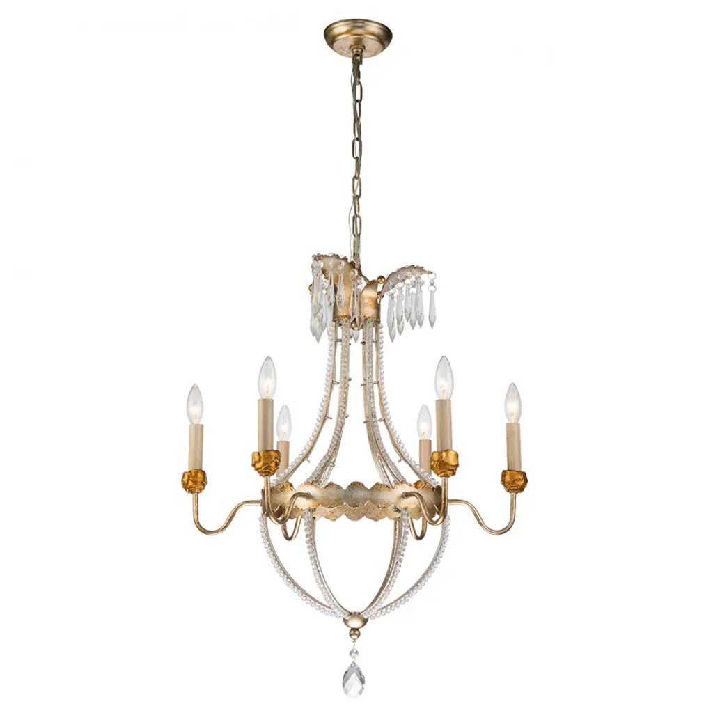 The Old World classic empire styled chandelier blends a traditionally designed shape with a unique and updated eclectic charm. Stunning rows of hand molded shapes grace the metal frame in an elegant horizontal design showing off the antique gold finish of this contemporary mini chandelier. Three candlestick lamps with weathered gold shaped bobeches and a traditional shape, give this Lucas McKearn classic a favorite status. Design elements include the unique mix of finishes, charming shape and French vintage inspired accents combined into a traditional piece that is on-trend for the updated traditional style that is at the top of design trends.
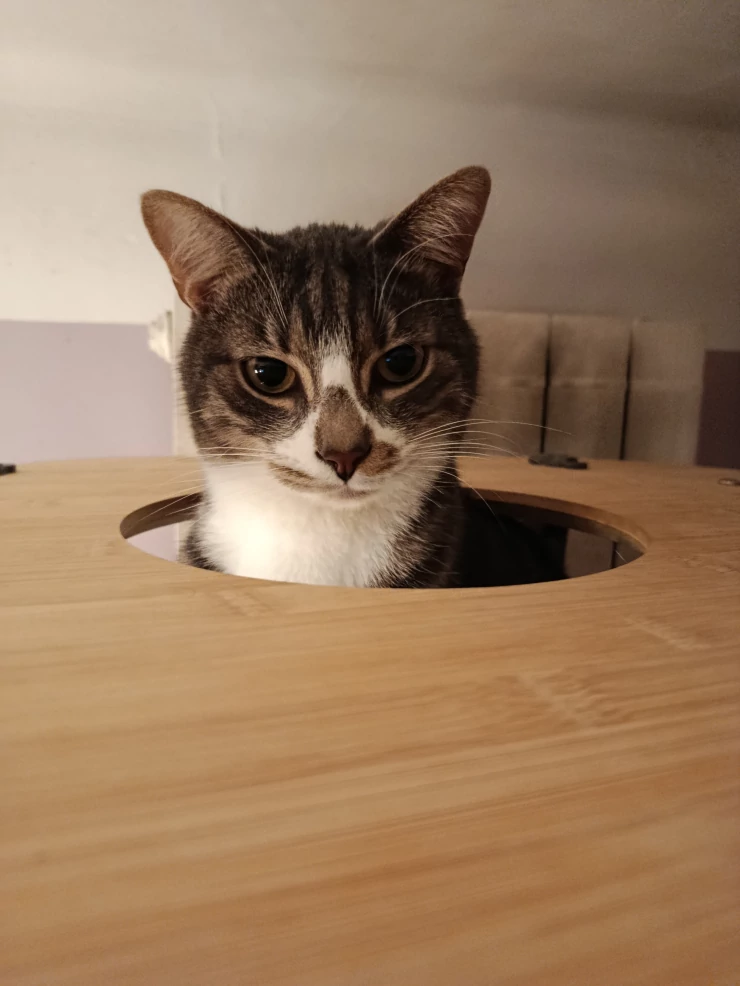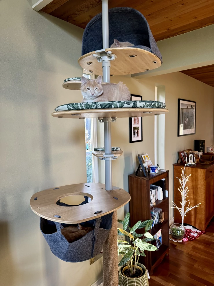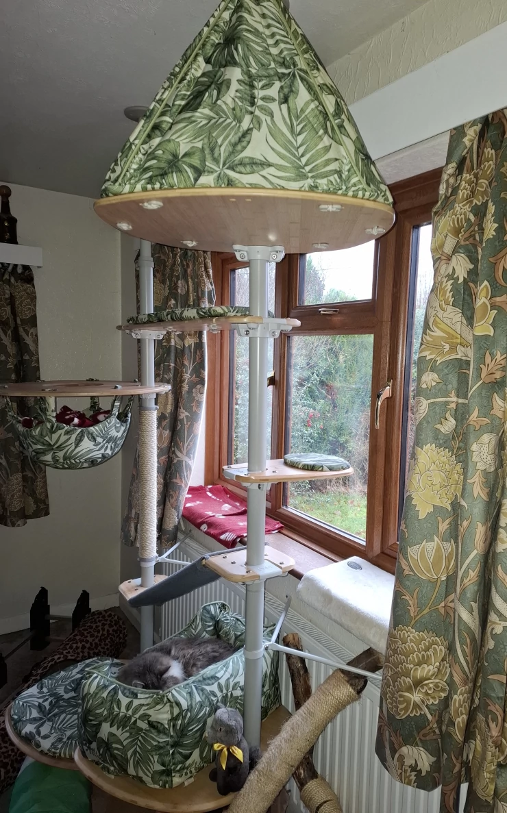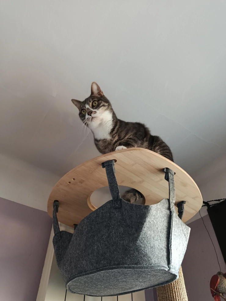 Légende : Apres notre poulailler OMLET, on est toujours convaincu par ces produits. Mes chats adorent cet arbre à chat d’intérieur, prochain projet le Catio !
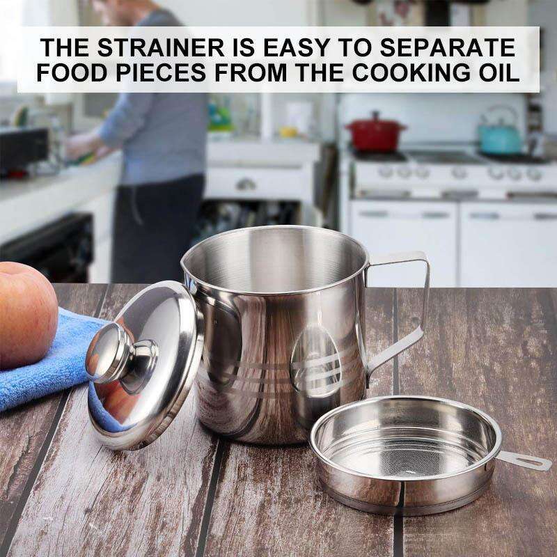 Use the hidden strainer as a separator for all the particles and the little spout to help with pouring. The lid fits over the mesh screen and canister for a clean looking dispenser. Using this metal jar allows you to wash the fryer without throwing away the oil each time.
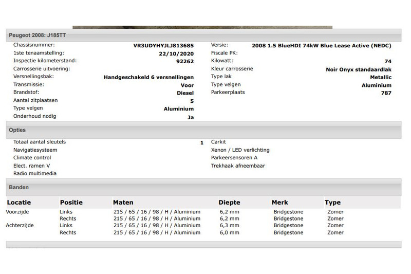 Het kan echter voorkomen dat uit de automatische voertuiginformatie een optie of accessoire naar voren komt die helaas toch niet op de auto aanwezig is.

□ □ □

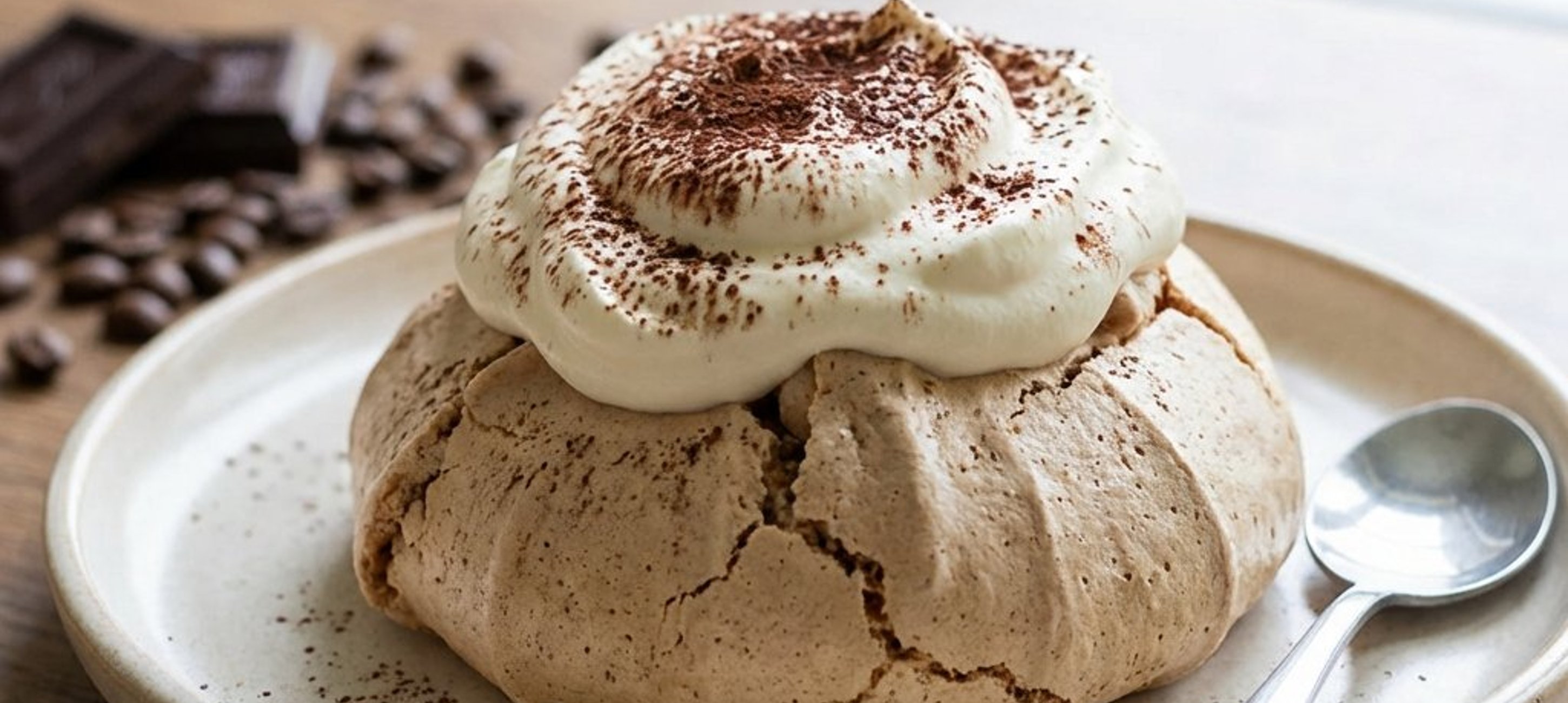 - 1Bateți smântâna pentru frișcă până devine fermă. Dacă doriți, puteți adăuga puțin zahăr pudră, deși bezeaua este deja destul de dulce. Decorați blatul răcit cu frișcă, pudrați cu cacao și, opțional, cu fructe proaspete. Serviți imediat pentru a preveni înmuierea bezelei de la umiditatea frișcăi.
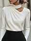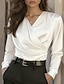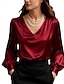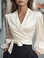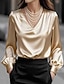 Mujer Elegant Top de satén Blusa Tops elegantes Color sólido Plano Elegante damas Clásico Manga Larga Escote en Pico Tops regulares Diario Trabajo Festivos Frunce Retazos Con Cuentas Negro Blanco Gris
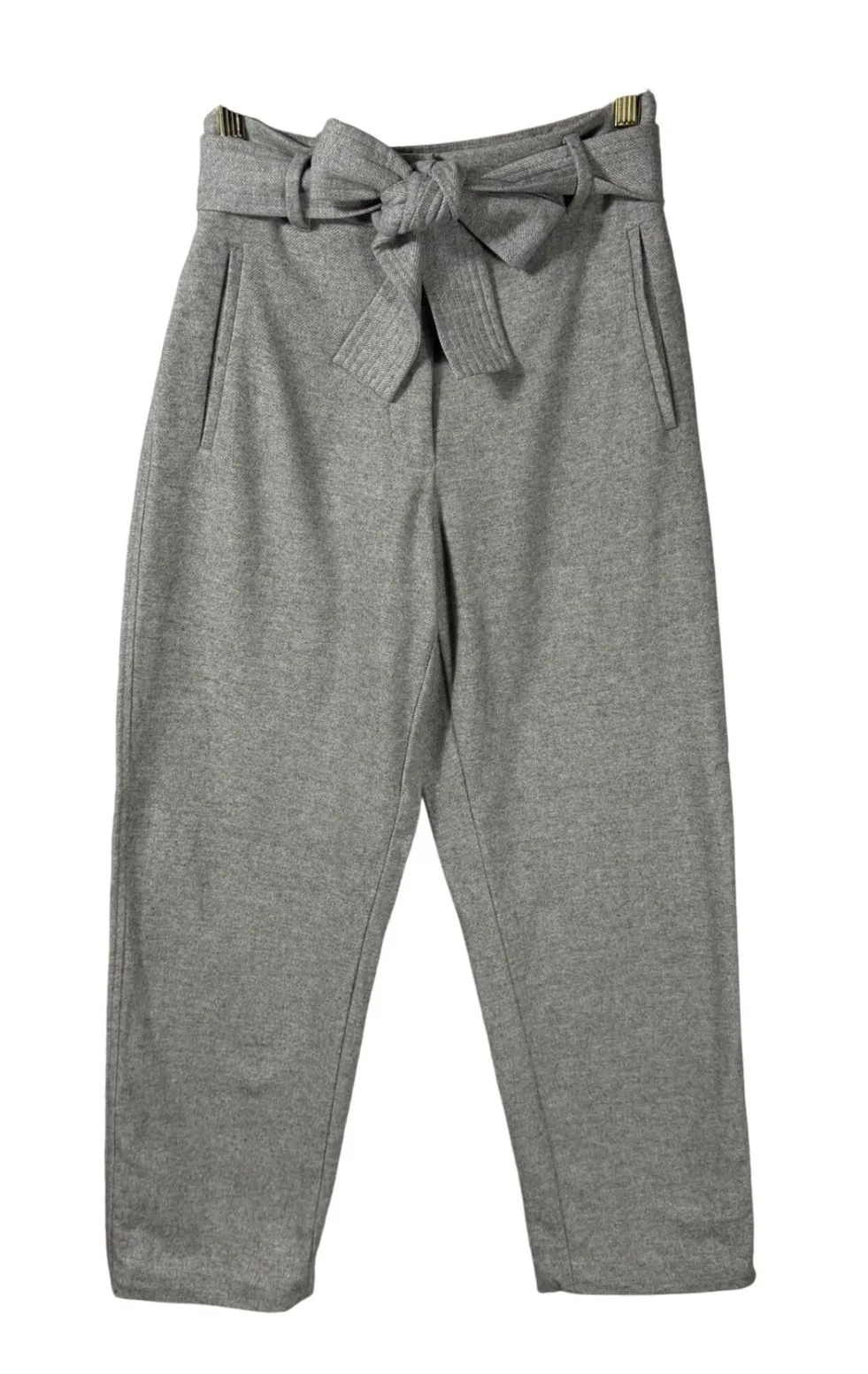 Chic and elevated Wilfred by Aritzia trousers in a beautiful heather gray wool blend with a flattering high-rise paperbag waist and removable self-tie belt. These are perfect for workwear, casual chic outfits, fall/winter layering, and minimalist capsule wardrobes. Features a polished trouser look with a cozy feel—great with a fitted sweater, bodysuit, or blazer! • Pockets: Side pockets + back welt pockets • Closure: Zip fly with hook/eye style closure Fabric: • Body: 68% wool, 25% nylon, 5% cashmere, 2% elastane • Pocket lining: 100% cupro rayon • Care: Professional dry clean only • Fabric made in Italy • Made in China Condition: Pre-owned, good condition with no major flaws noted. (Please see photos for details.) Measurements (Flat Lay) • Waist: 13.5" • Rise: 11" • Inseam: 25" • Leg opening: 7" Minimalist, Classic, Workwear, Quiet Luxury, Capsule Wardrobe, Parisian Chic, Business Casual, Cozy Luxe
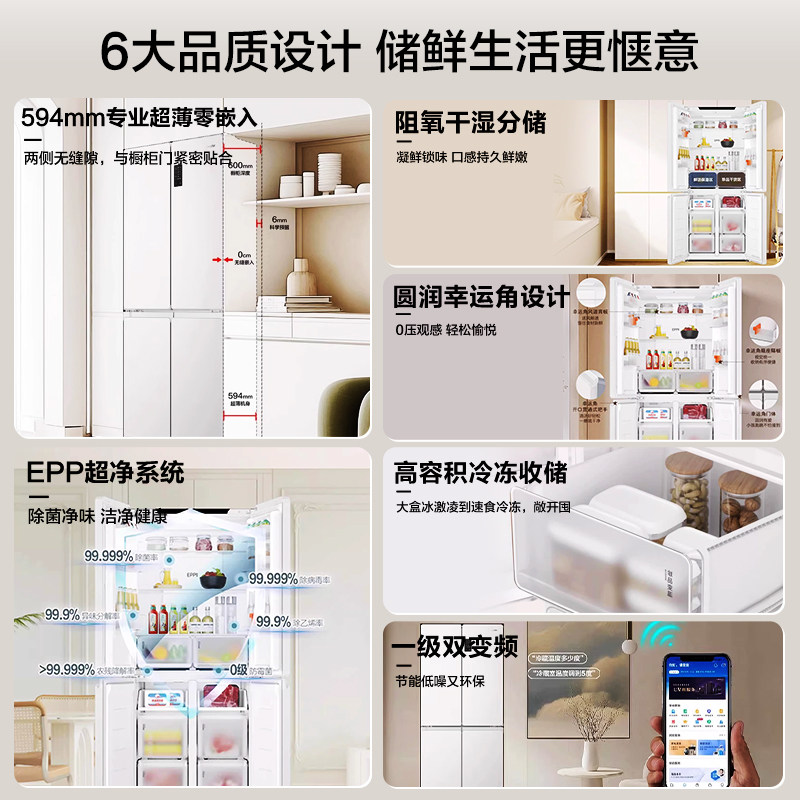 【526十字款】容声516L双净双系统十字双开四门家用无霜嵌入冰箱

□ □ □

• Problem description: In the data above, find the line containing "Use the hidden" and the line containing "Het kan echter". Repeat those two lines and everything between them exactly, minus the pictures.

• Written solution:
 Use the hidden strainer as a separator for all the particles and the little spout to help with pouring. The lid fits over the mesh screen and canister for a clean looking dispenser. Using this metal jar allows you to wash the fryer without throwing away the oil each time.
 Het kan echter voorkomen dat uit de automatische voertuiginformatie een optie of accessoire naar voren komt die helaas toch niet op de auto aanwezig is.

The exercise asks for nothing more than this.